Methods: Abbreviated biphasic pulses were delivered using a 9mm lattice-tip catheter, compatible mapping system, and programmable PFA generator (Sphere-1, Prism-1, HexaPulse; Affera Inc) in both 6 swine (n=8 LA/RA sites), and in 5 pts (n=8 LA sites) as part of a first in human trial (NCT04141007). In pts, RE was tested pre-ablation in the anticipated path of the PV isolation line. Pre- and post-delivery minielectrode bipolar EGMs were recorded for each application. For analysis, EGMs from the highest amplitude 1-2 electrodes were selected for serial measurement over 2-5 min. In preclinical cases, i) minimum pacing thresholds at 1.0 ms pulse width were assessed from all minielectrodes before and after delivery at 4 sites, and ii) high density mapping of these sites was repeated pre-sacrifice at 12.2±1.3 days follow up.

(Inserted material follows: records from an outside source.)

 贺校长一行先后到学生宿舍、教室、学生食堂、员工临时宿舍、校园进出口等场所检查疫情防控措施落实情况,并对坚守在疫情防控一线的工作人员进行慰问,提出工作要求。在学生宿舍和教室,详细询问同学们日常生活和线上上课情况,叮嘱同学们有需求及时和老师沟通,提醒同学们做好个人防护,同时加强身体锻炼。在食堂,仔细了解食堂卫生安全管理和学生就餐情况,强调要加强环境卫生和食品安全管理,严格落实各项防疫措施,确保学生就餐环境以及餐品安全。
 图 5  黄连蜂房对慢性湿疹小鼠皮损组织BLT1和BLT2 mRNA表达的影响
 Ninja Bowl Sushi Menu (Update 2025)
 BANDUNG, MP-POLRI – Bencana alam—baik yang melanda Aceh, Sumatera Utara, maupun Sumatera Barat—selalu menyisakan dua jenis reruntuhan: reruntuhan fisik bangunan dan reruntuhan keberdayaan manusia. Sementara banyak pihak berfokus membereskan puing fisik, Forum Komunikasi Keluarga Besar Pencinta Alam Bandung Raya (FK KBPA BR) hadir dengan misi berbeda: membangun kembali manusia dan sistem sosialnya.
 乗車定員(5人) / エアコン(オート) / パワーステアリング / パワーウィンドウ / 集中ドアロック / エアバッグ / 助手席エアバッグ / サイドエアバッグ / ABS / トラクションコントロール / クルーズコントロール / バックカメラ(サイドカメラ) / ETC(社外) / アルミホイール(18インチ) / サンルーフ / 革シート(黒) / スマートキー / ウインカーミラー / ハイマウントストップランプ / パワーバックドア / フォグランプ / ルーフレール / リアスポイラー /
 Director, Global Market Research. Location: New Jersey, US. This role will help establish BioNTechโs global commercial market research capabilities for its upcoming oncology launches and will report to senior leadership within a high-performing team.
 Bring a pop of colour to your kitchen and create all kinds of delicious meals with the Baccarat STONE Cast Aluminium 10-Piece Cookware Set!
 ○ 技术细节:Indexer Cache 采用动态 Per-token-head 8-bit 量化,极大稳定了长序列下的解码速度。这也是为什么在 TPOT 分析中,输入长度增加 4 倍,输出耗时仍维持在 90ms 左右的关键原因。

Results: In swine, EGMs acutely decreased from 1.39±0.84 to 0.31±0.15 mV (P=0.009), but recovered up to 71% over 5 min. The patient trend was similar: the mean EGM amplitude acutely decreased to only 24% of baseline (P=0.004), but then recovered up to 81% of baseline over 3 min. Pacing thresholds increased from <1.0 mA at baseline to >10.0 mA, and recovered to 2.3±1.8 mA. Follow up mapping revealed no low voltage (<0.5mV) at or around these RE sites. (Histology is pending.)
Conclusion: Reversible electroporation is feasible, and provides a unique opportunity for probing tissue physiologically prior to ablation.